Viel Aufmerksamkeit für Christoph 8 und Co.
21.06.2009 | 19:09 Uhr 2009-06-21T19:09:00+0200
Es ging zu wie im Wespennest, gingen die Einen, kamen bereits wieder Andere. Auch in diesem Jahr entpuppte sich der Tag der offenen Tür beim Rettungshubschrauber Christoph 8 als das Ausflugsziel in Lünen schlechthin.
Über 1 000 Besucher, vor allem Familien, ließen sich das Spektakel am Samstag nicht entgehen, an dem sich alle bekannten Rettungsorganisationen beteiligten. Wie die Feuerwehr, das Deutsche Rote Kreuz, die Polizei, das Technische Hilfswerk. Auch Mitarbeiter des Kreises Unna waren mit einem Infostand präsent.
„Wie schnell, wie hoch, wie weit?” fasst Mario Ziegler die am häufigsten gestellten Fragen der Besucher zusammen. Geduldig steht der Pilot neben dem Hubschrauber, der permanent von Neugierigen belagert wird, die einmal einen Blick ins Innere erhaschen wollen. „Im Schnitt bewegen wir uns mit etwa 250 Kilometern pro Stunde, fliegen in einer Höhe von 150 bis 600 Metern, im Umkreis von 50 bis 70 Kilometern”, beantwortet er dann die Fragen.

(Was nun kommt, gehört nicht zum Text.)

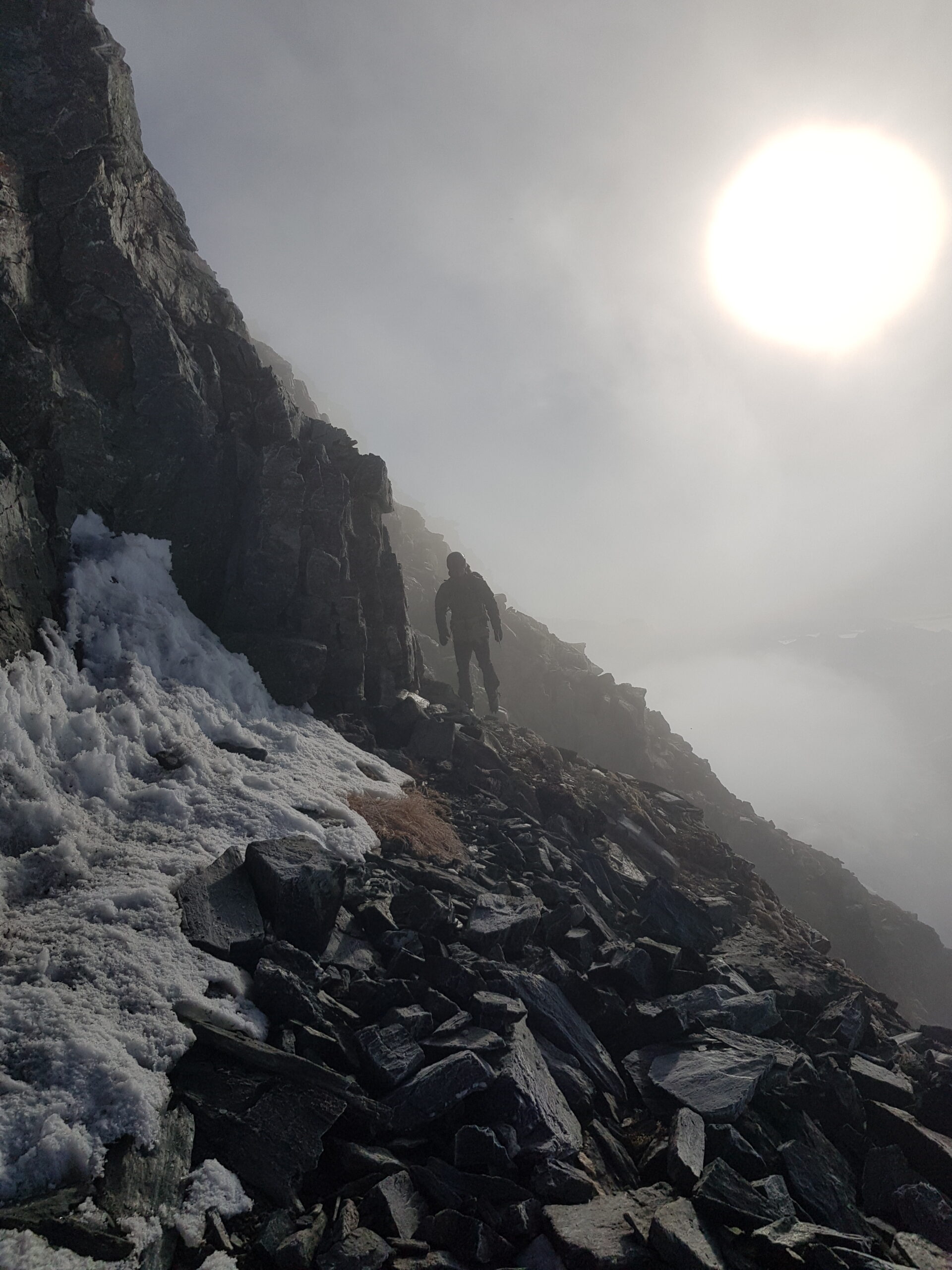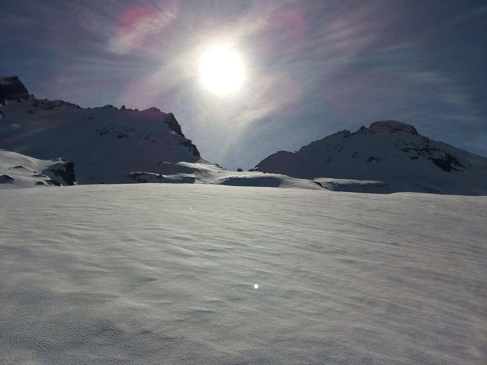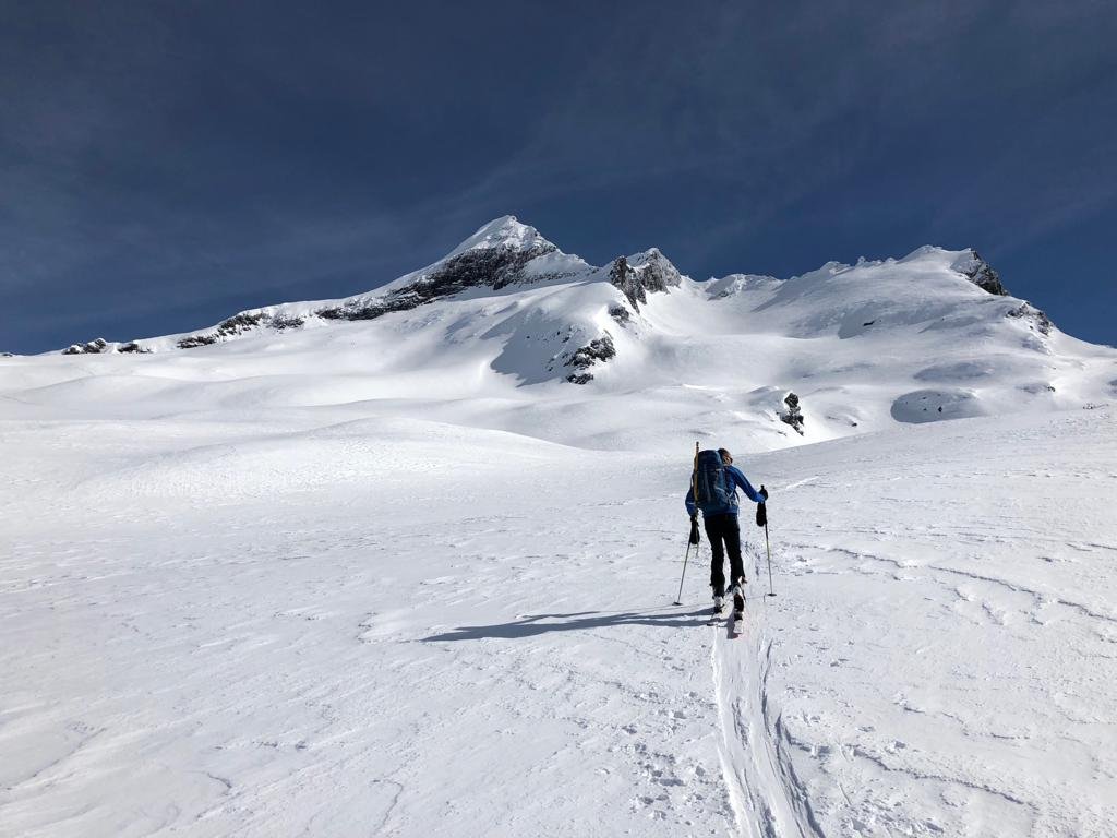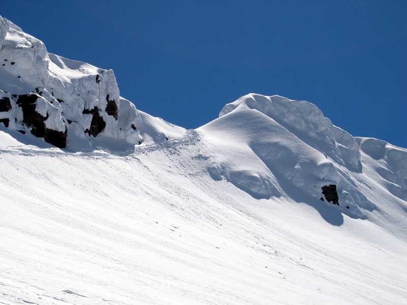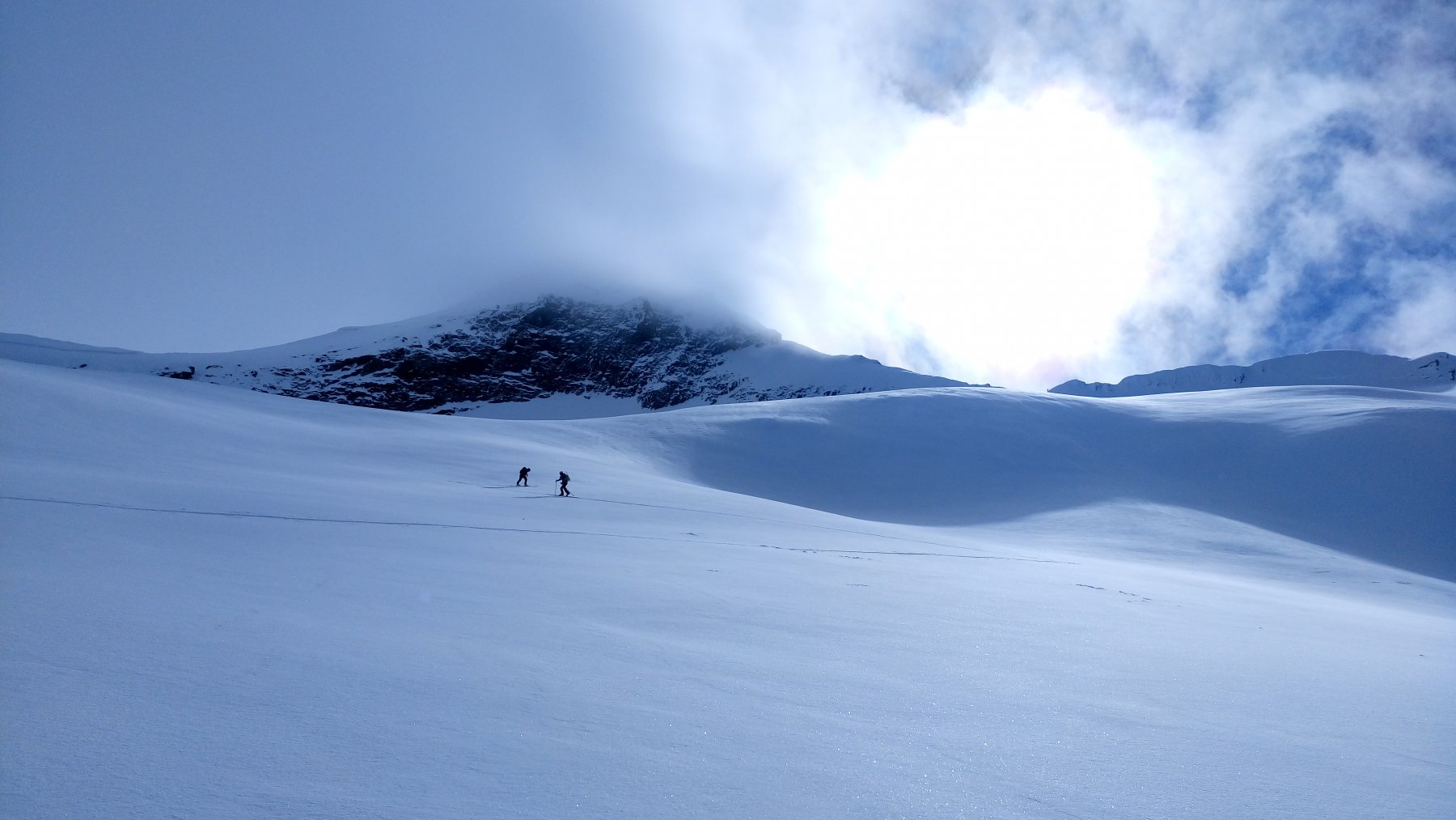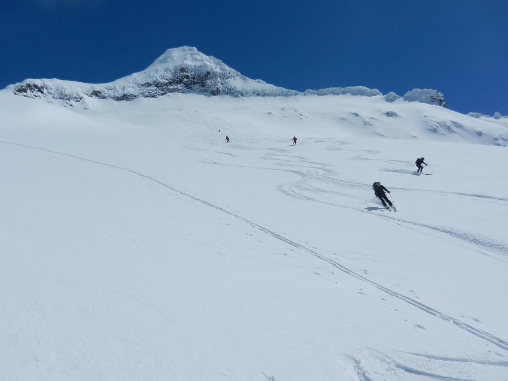 Dal tornante in località Berisal lungo la strada che dal Passo del Sempione scende a Briga si sale seguendo prima una strada carrabile e poi per il sentiero estivo fino a Bortel ( q. 2.113 Bortel Hutte); da lì per pendii aperti si tocca il Bortelgletscher e piegando decisamente a destra si giunge al coletto q. 2.986 della cresta SO. L’itinerario con gli sci termina qui. La cresta, lunga e a tratti esposta, a seconda delle condizioni può risultare più o meno impegnativa (PD, spit, breve corda fissa a 2/3 circa). Discesa lungo l’itinerario di salita o più diretta verso la punta d’aurona da cui si può tenere la sx orografica sino al torrente ove termina la stradina. La parte alta dell’itinerario è ben visibile dalla partenza.

Neben ihm steht der 15-jährige Timo und hört ihm äußerst interessiert zu. „Ich möchte auch mal Pilot werden”, sagt er. Mit dem Hubschrauber habe er sich jedenfalls schon mal ausführlich beschäftigt und in der Schule ein Referat darüber geschrieben. Wie man Pilot werde, will er wissen. 95 Prozent machen ihre Ausbildung über die Bundeswehr oder die Bundespolizei, erfährt er dann von Ziegler. Kein Wunder, schlägt der Flugschein mit etwa 80 000 Euro zu Buche. „Und der ADAC hat hohe Einstellungserwartungen”, ergänzt er. Auch wer Pilot sei, müsse sich jährlich, ab 40 Jahren sogar zwei Mal im Jahr, einer gesundheitlichen Prüfung unterziehen.
Hubschrauberpilot zu sein ist nicht weniger schwierig als Flugzeugpilot. Im Gegenteil: „Ein Hubschrauber verhält sich ganz anders als ein Flugzeug”, so Ziegler. Ein Flugzeug habe in der Luft durchaus mal eine stabile Lage, wo der Pilot mal das Steuer loslassen könne. Beim Hubschrauber ginge das nicht. „Der kippt sonst weg”, sagt er.
Neben Christoph 8, der für die Notfallrettung, auch Primärrettung genannt, eingesetzt wird und 2 835 Kilogramm Gewicht auf die Waage bringt, stand nur wenige Meter weiter der rund 75 Kilo schwerere Christoph Westfalen aus Münster. „Er kann auch bei Intensivpatienten eingesetzt werden”, erklärt Ziegler. Beispielsweise für extrem Übergewichtige. Timo freute sich: War das Cockpit beim Christoph 8 tabu für die Gäste – weil er für den Einsatz bereitstand – durfte der Junge beim Christoph Westfalen für wenige Minuten hinters Steuer.
Für eine dichte Menschenansammlung sorgten die Vorführungen des Technischen Hilfswerks, das eine Höhenrettung zeigte, sowie der Feuerwehr, die das Freischneiden eines Eingeklemmten im Auto nach einem Unfall und dessen ärztliche Versorgung darstellte. Auch der Bundespolizei-Hubschrauber aus Hangelar war für ein paar Stunden vor Ort. Bereits morgens hatte parallel das 7. Rettungsmedizinische Symposium unter der Leitung von Professor Doktor Wolfram Wilhelm stattgefunden.